Лена.
Сегодня я проснулась в холодном поту и виной этому было совсем не лето. Это был сон. Необъяснимый, странный, короткий. Я никогда раньше не видела таких реалистичных. Будто бы сама побывала там, рядом с Максимом. Какие-то люди, они теплые, живые, бегают переживают, приводят других — холодных, безымоциональных. Они спокойны, знают что делают, но несмотря на их облик от них нет угрозы, они помогают ему. Они не замечают меня, будто меня и нет рядом, словно я призрак. Только он знает о моем присутствии, только Максим. Мне кажется, что это все не спроста и это вовсе не сон. Это то место, которое описывал Максим в своем дневнике.
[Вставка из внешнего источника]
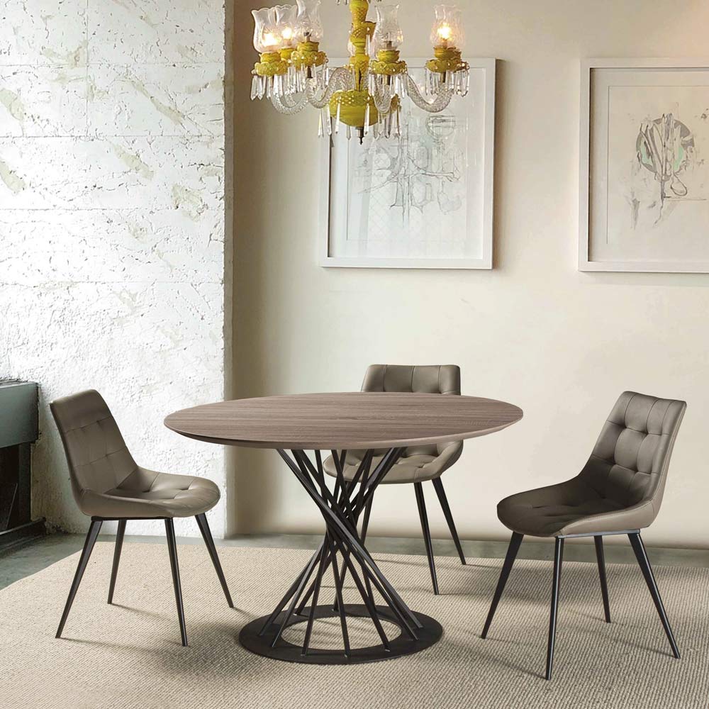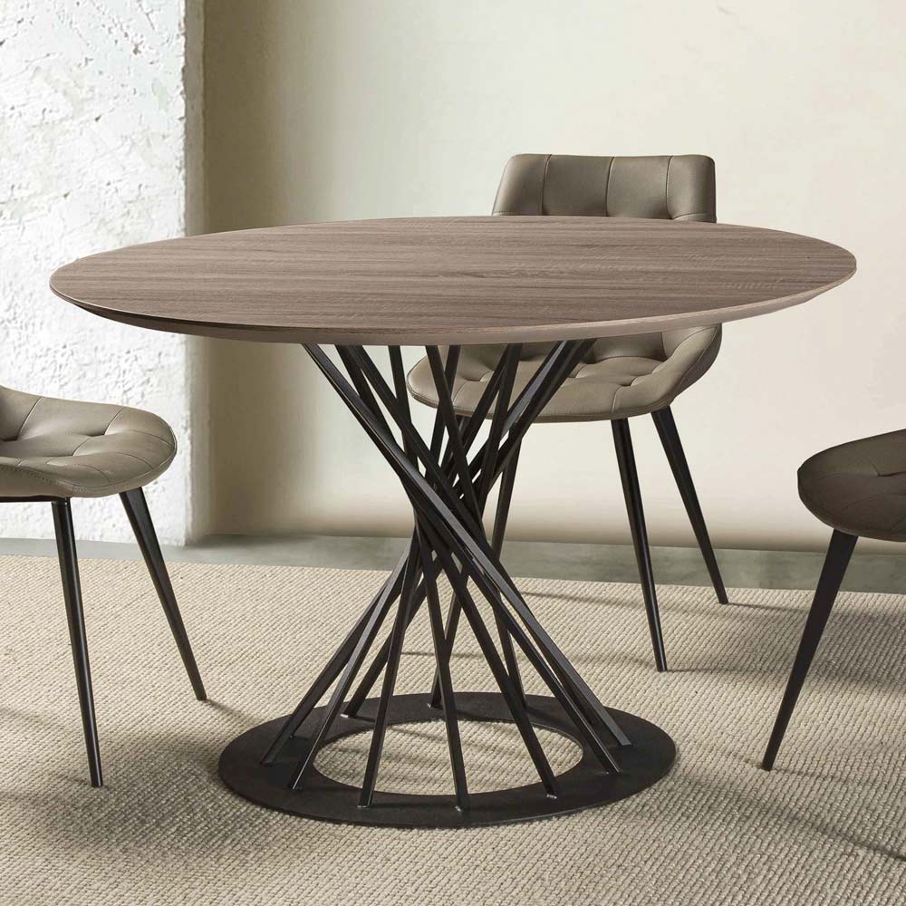 Mesa de comedor redonda con tapa de madera laminada y base de acero, diámetro 120 cm.
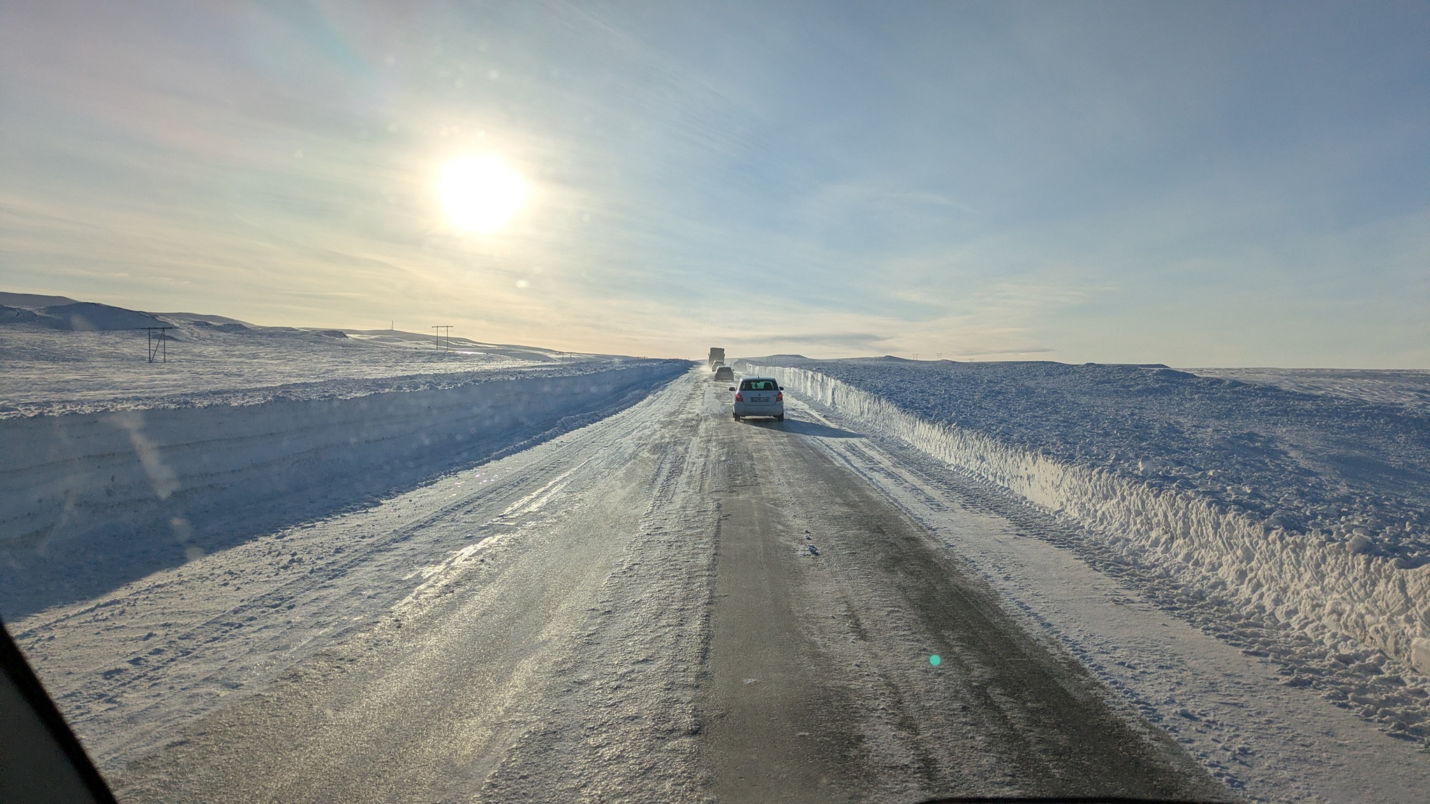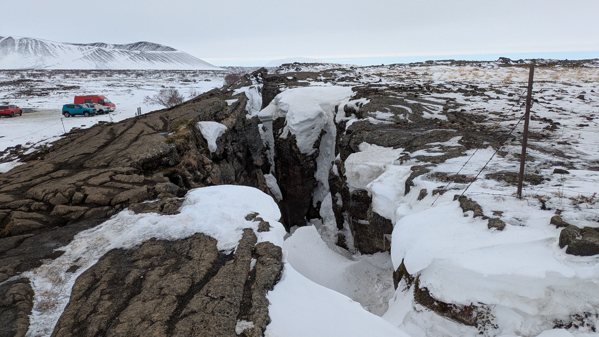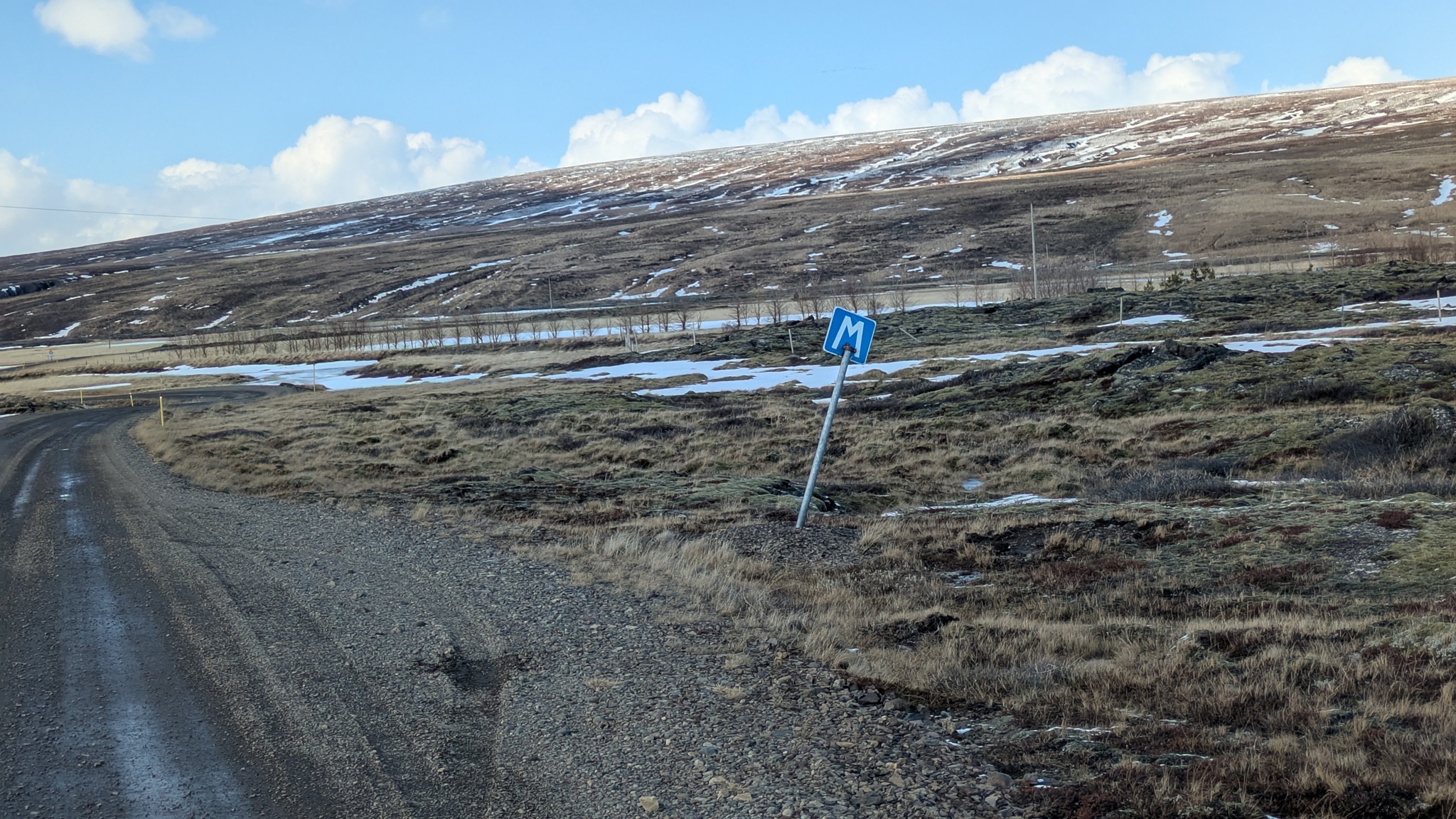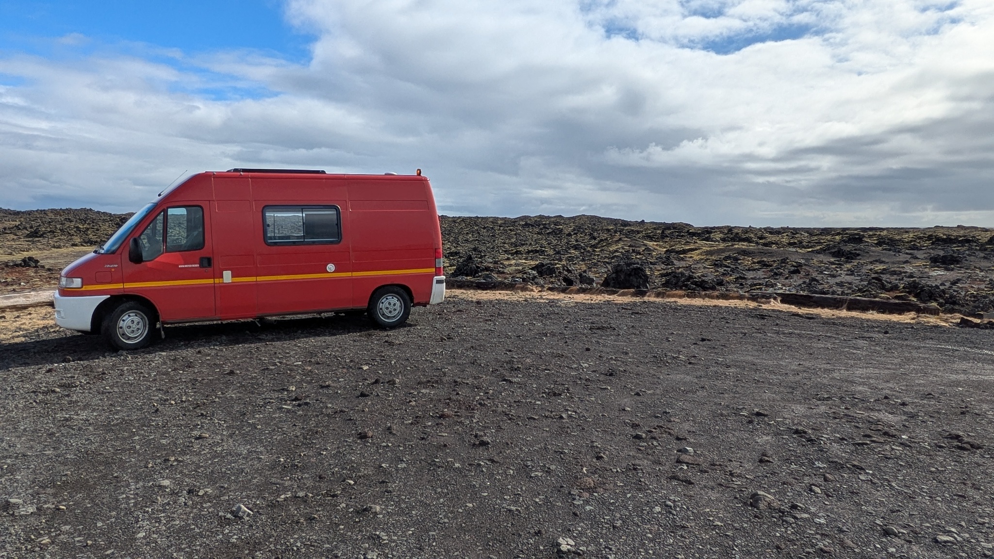 Nach vielem Auf und Ab und etwas aus der Puste erstmal Kaffeepause. Währenddessen zog ein kräftiger Sturm auf, zwar ohne Schneefall, die Sonne schien sogar, aber mit heftigen Schneeverwehungen. Also Planänderung: Auf die Route 85 mit unbekanntem Ziel wollte ich nun doch nicht, sondern Ringstraße bis zum nächsten - lt. Website - geöffneten Campingplatz an einer Stichstraße. Auf der Ringstraße, manch Mietwagenfahrer traute sich nur so 20 bis 30 km/h, die Sicht teils Null, schlich eine Kolonne so vor sich hin. Am Camp angekommen war alles verrammelt, wegen des Wetters doch noch nicht geöffnet! Also zurück zur Route 1 und weiter bis Mývatn. Hier stand ich nun auf dem Campsite, der Wind wackelte am Auto. Es zieht durch die Ritzen des Kastenwagens, aber die neue Heizung hält tapfer dagegen.

Странные люди, потрескавшиеся бесконечная серость, а ещё этот вид из окна… Я пыталась разглядеть хоть что-то в окне, но видела лишь тьму и силуэты руин, ещё этот воздух — тяжёлый, густой, с привкусом металла. Ошибки быть не может, я нашла его и он жив, но почему меня никто не видел? Он ведь писал, что с ними можно входить в контакт, но видимо не мне. Может ещё не время? Я подожду, я умею ждать. Нужно просто запастись терпением. Нужно закрыть глаза и снова уснуть. Вдруг получится снова оказаться там, рядом с ним.
Естественно, уснуть у меня не получалось. Та волна переживаний, которую породил необычный сон была словно уколом адреналина. Глаза на выкате, сердце колотиться и эта нестерпимая боль в голове. Попробовала выпить несколько таблеток — итог нулевой. Ни сна, ни отсутствия боли, ничего.
Всю ночь провела как на иголках. Постель неудобная, одеяло колючее, тело горело так, что даже холодный воздух кондиционера не мог сгладить ужасов моего состояния. Снова заснуть смогла лишь успокоившись, под утро. Да и то был не сон, а, как мне кажется, потеря сознания от переизбытка эмоций, мозг просто не выдержал и отправился на принудительную перезагрузку.
Проспала всего пару часов, встала из кровати совершенно разбитой, будто и не ложилась вовсе. Первым делом полезла в душ смыть с себя всю прошедшую ночь. Особенно хотелось смыть с себя частички сна. Особенно этого грязного, тяжёлого воздуха. Мне все время казалось, что он впитался в меня, запачкав даже изнутри. После душа стало реально легче, по крайней мере физически. Морально же я была просто истощена. Нет, это не истощение — это полное опустошение.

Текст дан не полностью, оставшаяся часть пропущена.